Raw data Block Start

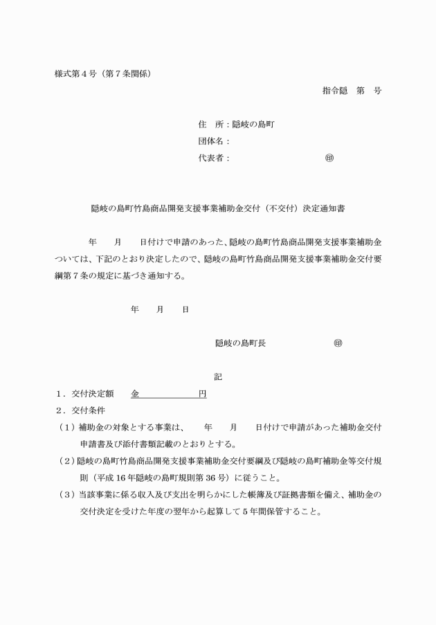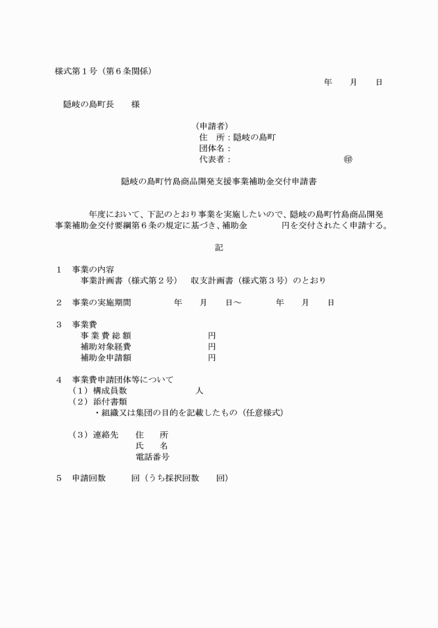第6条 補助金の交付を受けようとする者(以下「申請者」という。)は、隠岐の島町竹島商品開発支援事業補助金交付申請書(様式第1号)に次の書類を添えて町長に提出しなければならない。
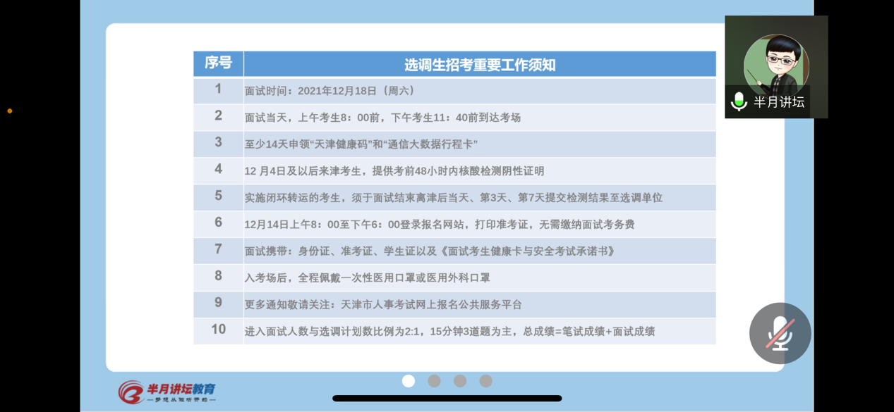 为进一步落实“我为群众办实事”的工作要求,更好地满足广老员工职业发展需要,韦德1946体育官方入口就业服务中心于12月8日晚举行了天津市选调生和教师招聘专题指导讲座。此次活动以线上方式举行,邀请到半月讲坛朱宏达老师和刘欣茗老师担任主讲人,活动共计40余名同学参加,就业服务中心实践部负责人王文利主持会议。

Raw data Block End
Raw data Block Start

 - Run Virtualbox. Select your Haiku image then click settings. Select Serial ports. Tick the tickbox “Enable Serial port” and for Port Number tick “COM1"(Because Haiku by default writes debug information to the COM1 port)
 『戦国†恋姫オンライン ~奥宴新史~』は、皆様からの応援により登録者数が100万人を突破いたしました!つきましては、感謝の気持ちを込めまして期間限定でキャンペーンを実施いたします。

Raw data Block End
Raw data Block Start

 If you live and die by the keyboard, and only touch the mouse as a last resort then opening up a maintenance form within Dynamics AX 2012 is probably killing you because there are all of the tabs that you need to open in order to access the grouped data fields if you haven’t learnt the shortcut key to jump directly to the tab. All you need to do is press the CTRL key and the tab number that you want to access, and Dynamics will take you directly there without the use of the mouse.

Raw data Block End

What you are asked to do: Search the listing for the word "then". Copy every line in which it occurs.

Worked solution:
 - Run Virtualbox. Select your Haiku image then click settings. Select Serial ports. Tick the tickbox “Enable Serial port” and for Port Number tick “COM1"(Because Haiku by default writes debug information to the COM1 port)
 If you live and die by the keyboard, and only touch the mouse as a last resort then opening up a maintenance form within Dynamics AX 2012 is probably killing you because there are all of the tabs that you need to open in order to access the grouped data fields if you haven’t learnt the shortcut key to jump directly to the tab. All you need to do is press the CTRL key and the tab number that you want to access, and Dynamics will take you directly there without the use of the mouse.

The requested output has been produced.